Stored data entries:
--

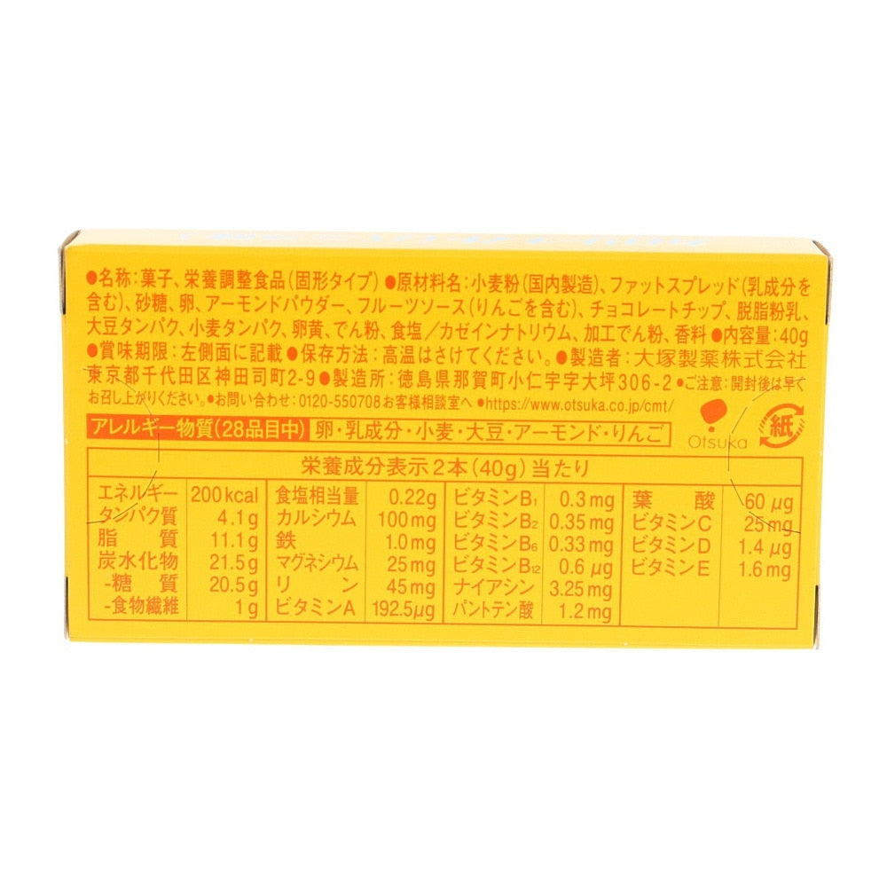 ●栄養成分表示:(2本(40g)当たり)エネルギー 200kcal/タンパク質 4.1g/脂質 11.1g/炭水化物 21.5g/-糖質 20.5g/-食物繊維 1g/食塩相当量 0.22mg/カルシウム 100mg/鉄 1.0mg/マグネシウム 25mg/リン 45mg/ビタミンA 192.5μg/ビタミンB1 0.3mg/ビタミンB2 0.35mg/ビタミンB6 0.33mg/ビタミンB12 0.6μg/ナイアシン 3.25mg/パントテン酸 1.2mg/葉酸 60μg/ビタミンC 25mg/ビタミンD 1.4μg/ビタミンE 1.6mg
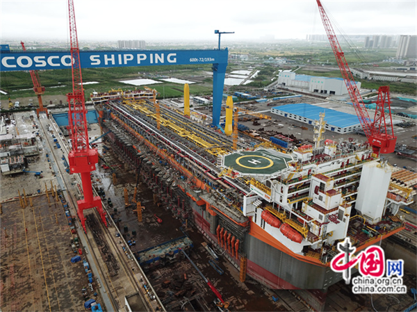 2023年5月19日,江蘇省南通市啟東海工船舶工業(yè)園,正在建造世界最大噸位級新型海上浮式生產(chǎn)儲卸油船。(無人機照片)新華社圖片庫/新華社記者 馬寧 攝
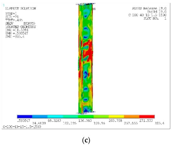 Stress distortions of the combined columns with different height to thickness ratios of web (a) C90-40-15-1.5-1500; (b) C160-40-15-1.5-1500; (c) C200-40-15-1.5-1500.
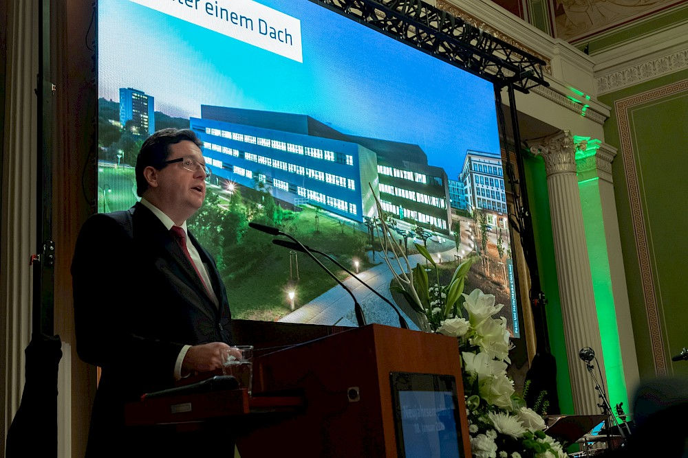 Der Rektor verwies nicht nur auf zahlreiche Höhepunkte des vergangenen Jahres von der Eröffnung des neuen Proteinzentrums über neue internationale Partnerschaften bis hin zur Verteidigung des Zertifikats audit familiengerechte Hochschule. Er nannte auch Erfolge in der Forschung wie die Hugo-Junkers-Preise für Wissenschaftler der Universität oder ein Drittmittelaufkommen der Uni von rund 48,5 Millionen Euro plus 12,5 Millionen Euro in der Medizin.
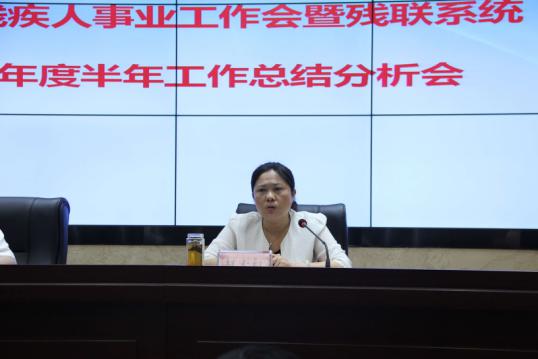 與會(huì)人員觀看了渠縣殘疾人事業(yè)發(fā)展專題片,渠縣人民政府副縣長(zhǎng)牟軍致了詞,各縣(市、區(qū))殘聯(lián)和經(jīng)開(kāi)區(qū)社會(huì)事務(wù)局負(fù)責(zé)同志匯報(bào)了上半年工作情況及下步工作打算,達(dá)州聯(lián)通公司黨委書(shū)記、總經(jīng)理胡耀萍為“智慧量服”提供技術(shù)支撐服務(wù)講了話,市殘聯(lián)黨組書(shū)記、理事長(zhǎng)趙本權(quán)作了總結(jié)。
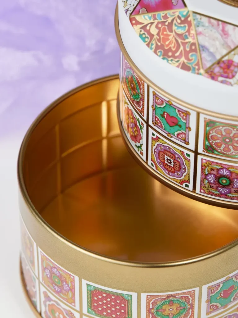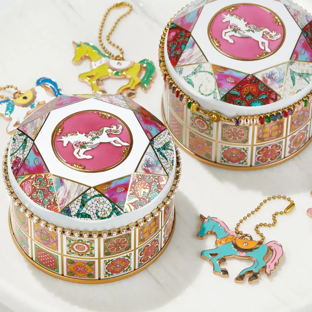 ふたを開けた瞬間、メリーゴーランドのようにユニコーンチャームが現れるドリーミーな仕掛けと、タイルのような質感を再現した缶デザインが話題を呼びそうです。
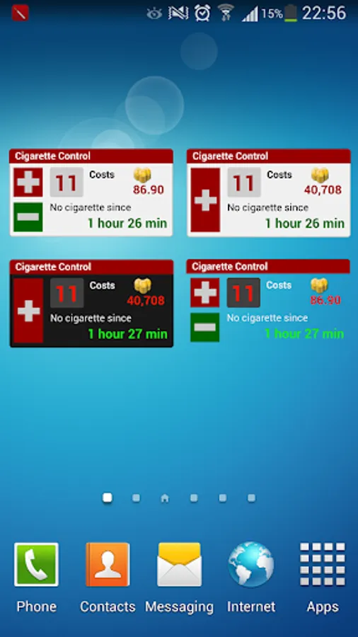 - widget - total number of cigarettes, adding another cigarette, tracks the costs and the elapsed time since the last cigarette
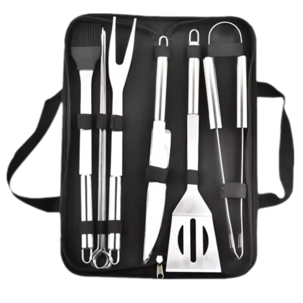Items Included: spatula, fork, knife, brush, tongs, carry bag

--

→ Exercise aim
The records above are to be retyped exactly, with every picture left out.

→ Response area
 ●栄養成分表示:(2本(40g)当たり)エネルギー 200kcal/タンパク質 4.1g/脂質 11.1g/炭水化物 21.5g/-糖質 20.5g/-食物繊維 1g/食塩相当量 0.22mg/カルシウム 100mg/鉄 1.0mg/マグネシウム 25mg/リン 45mg/ビタミンA 192.5μg/ビタミンB1 0.3mg/ビタミンB2 0.35mg/ビタミンB6 0.33mg/ビタミンB12 0.6μg/ナイアシン 3.25mg/パントテン酸 1.2mg/葉酸 60μg/ビタミンC 25mg/ビタミンD 1.4μg/ビタミンE 1.6mg
 2023年5月19日,江蘇省南通市啟東海工船舶工業(yè)園,正在建造世界最大噸位級新型海上浮式生產(chǎn)儲卸油船。(無人機照片)新華社圖片庫/新華社記者 馬寧 攝
 Stress distortions of the combined columns with different height to thickness ratios of web (a) C90-40-15-1.5-1500; (b) C160-40-15-1.5-1500; (c) C200-40-15-1.5-1500.
 Der Rektor verwies nicht nur auf zahlreiche Höhepunkte des vergangenen Jahres von der Eröffnung des neuen Proteinzentrums über neue internationale Partnerschaften bis hin zur Verteidigung des Zertifikats audit familiengerechte Hochschule. Er nannte auch Erfolge in der Forschung wie die Hugo-Junkers-Preise für Wissenschaftler der Universität oder ein Drittmittelaufkommen der Uni von rund 48,5 Millionen Euro plus 12,5 Millionen Euro in der Medizin.
 與會(huì)人員觀看了渠縣殘疾人事業(yè)發(fā)展專題片,渠縣人民政府副縣長(zhǎng)牟軍致了詞,各縣(市、區(qū))殘聯(lián)和經(jīng)開(kāi)區(qū)社會(huì)事務(wù)局負(fù)責(zé)同志匯報(bào)了上半年工作情況及下步工作打算,達(dá)州聯(lián)通公司黨委書(shū)記、總經(jīng)理胡耀萍為“智慧量服”提供技術(shù)支撐服務(wù)講了話,市殘聯(lián)黨組書(shū)記、理事長(zhǎng)趙本權(quán)作了總結(jié)。
 ふたを開けた瞬間、メリーゴーランドのようにユニコーンチャームが現れるドリーミーな仕掛けと、タイルのような質感を再現した缶デザインが話題を呼びそうです。
 - widget - total number of cigarettes, adding another cigarette, tracks the costs and the elapsed time since the last cigarette
Items Included: spatula, fork, knife, brush, tongs, carry bag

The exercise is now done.